Exercise inputs Start Marker
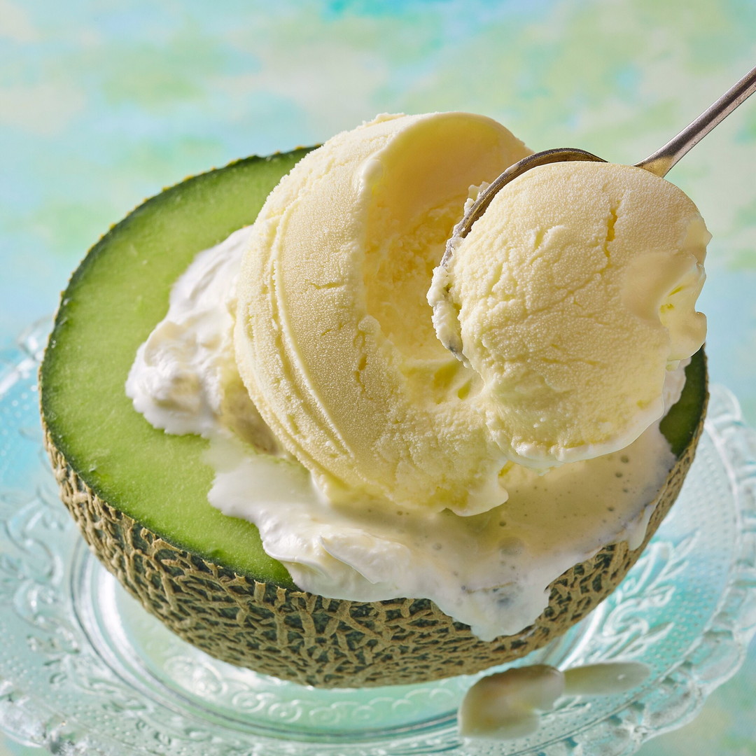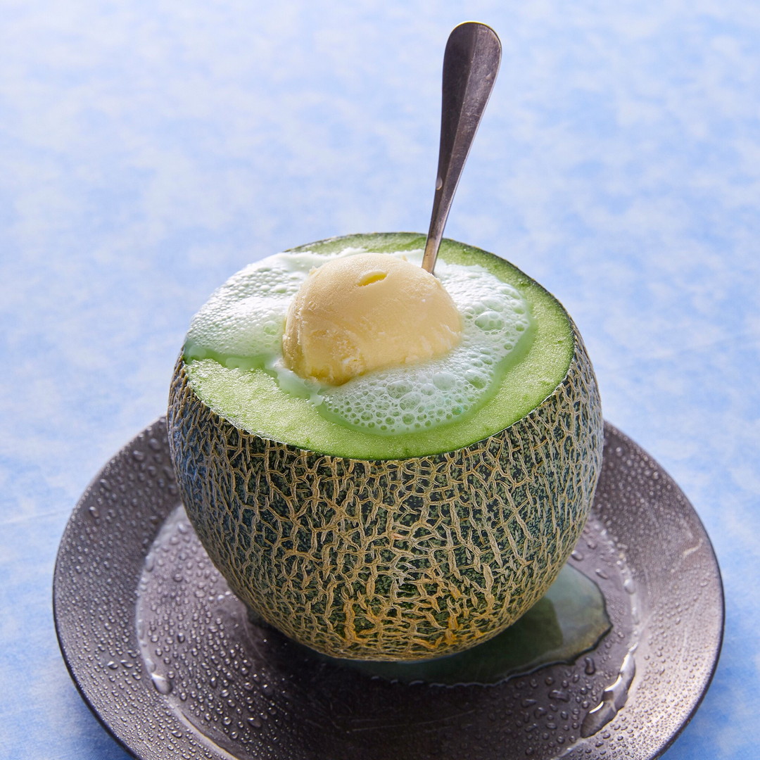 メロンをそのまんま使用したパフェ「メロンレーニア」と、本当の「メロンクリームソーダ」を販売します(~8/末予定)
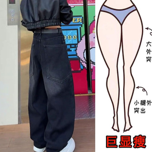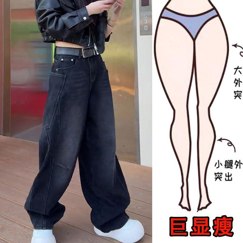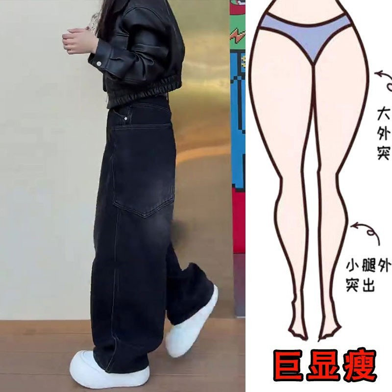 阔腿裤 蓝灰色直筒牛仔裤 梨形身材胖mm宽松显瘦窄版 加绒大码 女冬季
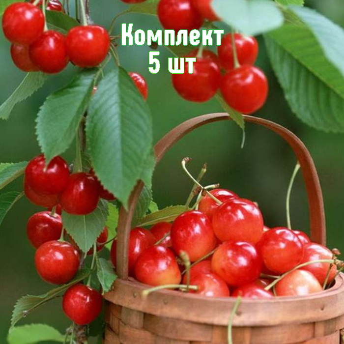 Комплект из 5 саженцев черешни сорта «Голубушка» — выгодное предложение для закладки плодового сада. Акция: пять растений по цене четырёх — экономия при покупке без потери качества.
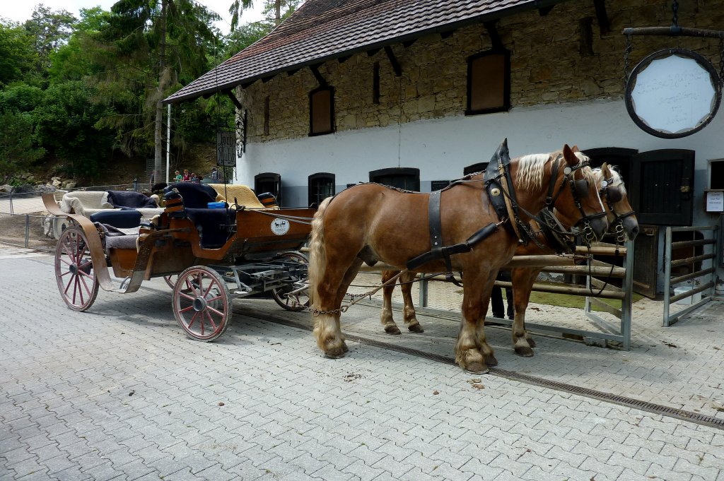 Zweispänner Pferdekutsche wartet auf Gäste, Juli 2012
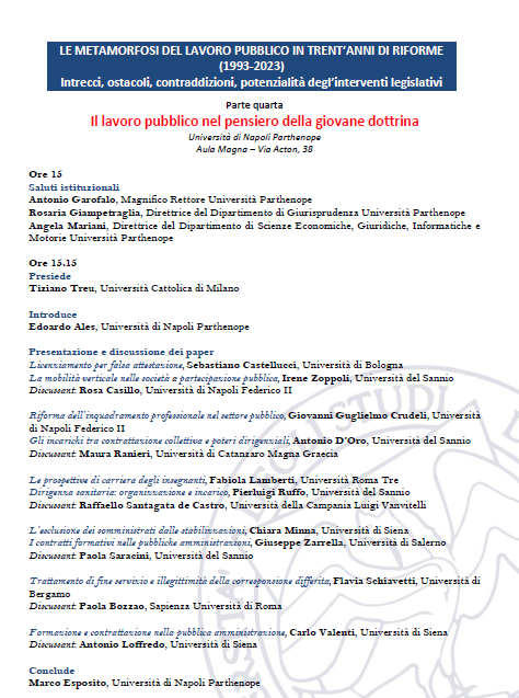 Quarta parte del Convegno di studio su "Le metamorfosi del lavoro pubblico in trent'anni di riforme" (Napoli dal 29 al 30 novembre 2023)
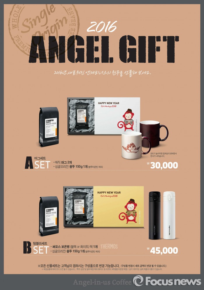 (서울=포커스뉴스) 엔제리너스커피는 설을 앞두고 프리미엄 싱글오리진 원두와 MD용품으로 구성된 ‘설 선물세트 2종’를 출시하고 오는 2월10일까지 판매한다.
Exercise inputs End Marker
Problem to work on: In repeating the lines above, keep the wording exact and leave every picture out.

Output for this exercise:
 メロンをそのまんま使用したパフェ「メロンレーニア」と、本当の「メロンクリームソーダ」を販売します(~8/末予定)
 阔腿裤 蓝灰色直筒牛仔裤 梨形身材胖mm宽松显瘦窄版 加绒大码 女冬季
 Комплект из 5 саженцев черешни сорта «Голубушка» — выгодное предложение для закладки плодового сада. Акция: пять растений по цене четырёх — экономия при покупке без потери качества.
 Zweispänner Pferdekutsche wartet auf Gäste, Juli 2012
 Quarta parte del Convegno di studio su "Le metamorfosi del lavoro pubblico in trent'anni di riforme" (Napoli dal 29 al 30 novembre 2023)
 (서울=포커스뉴스) 엔제리너스커피는 설을 앞두고 프리미엄 싱글오리진 원두와 MD용품으로 구성된 ‘설 선물세트 2종’를 출시하고 오는 2월10일까지 판매한다.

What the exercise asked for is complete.